At company A, employees submit their time-off requests to their department manager who generally approves the time as first come first served, but also considers the reason for the time off request. Jose has requested time off on several occasions with the reason of attending family matters such as a church services or funerals. After a couple of his requests being denied, Jose complained to his manager that he and a couple of other Hispanic employees are frustrated that their time-off requests seem to be denied more often the other non-Hispanic employees. The manager comments that Hispanics have so much family that they can’t expect to get all of their requests approved and maybe they should stop having kids. Two weeks later, a new employee with a specific skill set is moved into their department, and the Manager sees this a great opportunity to move Jose out of the department into a position that is on a less desirable shift. This is not an easy answer. It’s retaliation. Protection: HR should have a policy in place to talk with each employee that is being moved to ensure they understand why is it a company decision. Generally, if the employee believes that it is due to other reasons, such as retaliation, they will bring it up at this time.

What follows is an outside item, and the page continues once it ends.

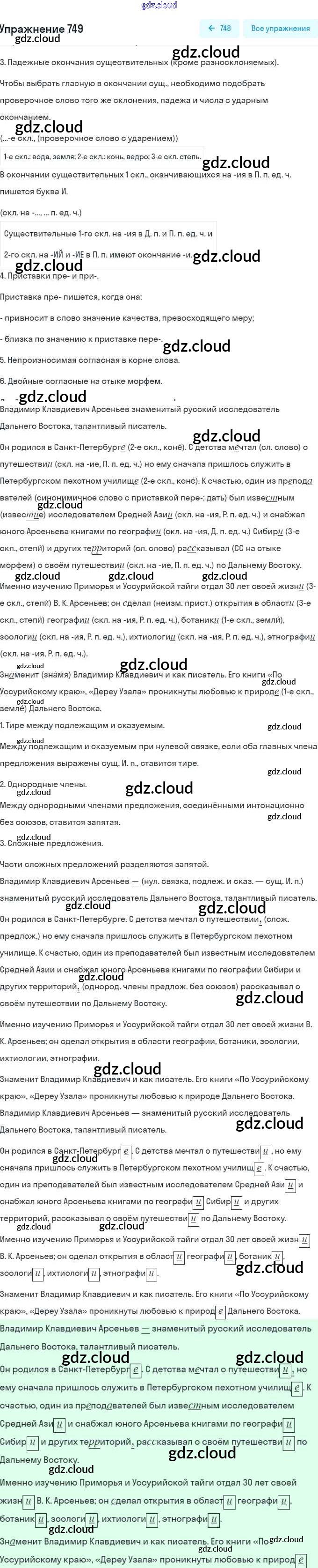 Ответ на задание 749 Учебник Русский язык за 5 (пятый) класс Разумовская, Львова, Капинос, Львов, Богданова, Тронина, Сергеева 2014

- The victim is protected, but the complainant is a gossip who always stirs up drama, so we can terminate her without it being retaliation.
We expect and require employees to participate in a workplace investigation when they have information that could be useful in determining the outcome of the case. Often, the organization would not be aware of problems in the workplace without employees coming forward. However, most of us have dealt with the employee who feels it is always her job to report everything…..personal matters, gossip, what the rumor mill says, you know the type. But a complaint is a complaint, and the complainant has protection rights the same as anyone involved in the incident. Often supervisors and managers are not aware of these rights and by changing the way they act toward this employee, they could be guilty of retaliation. Protection: Train all supervisors, managers, and executives about the potential liability from retaliation. And remind everyone involved in a complaint or investigation of their rights and responsibilities every time.
- An employee who has complained can be terminated for violating company policy as long as it is unrelated to the topic of the complaint.
Although employees cannot be terminated for participating in protected activity, this only applies as long as their behavior is lawful and does not violate the company code of conduct. That being said, employers must look at the severity of the action, and the reason for the action, in order to determine if the action could be construed as retaliation. For example, Sherry has a physical confrontation with Ally. After the incident, Sherry notifies HR and an investigation ensues. Ally is terminated for hitting Sherry, and although the company feels Sherry may have provoked the incident, there is no proof and Sherry is not disciplined. The next day, Sherry’s manager finds that she has been using her company email for personal business in violation of company policy. This is reported to HR and Sherry is terminated. Sherry reports this matter to the EEOC and claims that others use their company email often, including her manager, and are not reprimanded. In addition, Sherry claims that the personal email use was to set up a security service to walk her to her car after work as she was frightened that Ally might return to do her harm. The outcome, Sherry got her job back with back pay and penalties. Protection: Before using a violation of policy as a reason for terminating an employee, ensure that the policy is consistently upheld and the penalty is appropriate.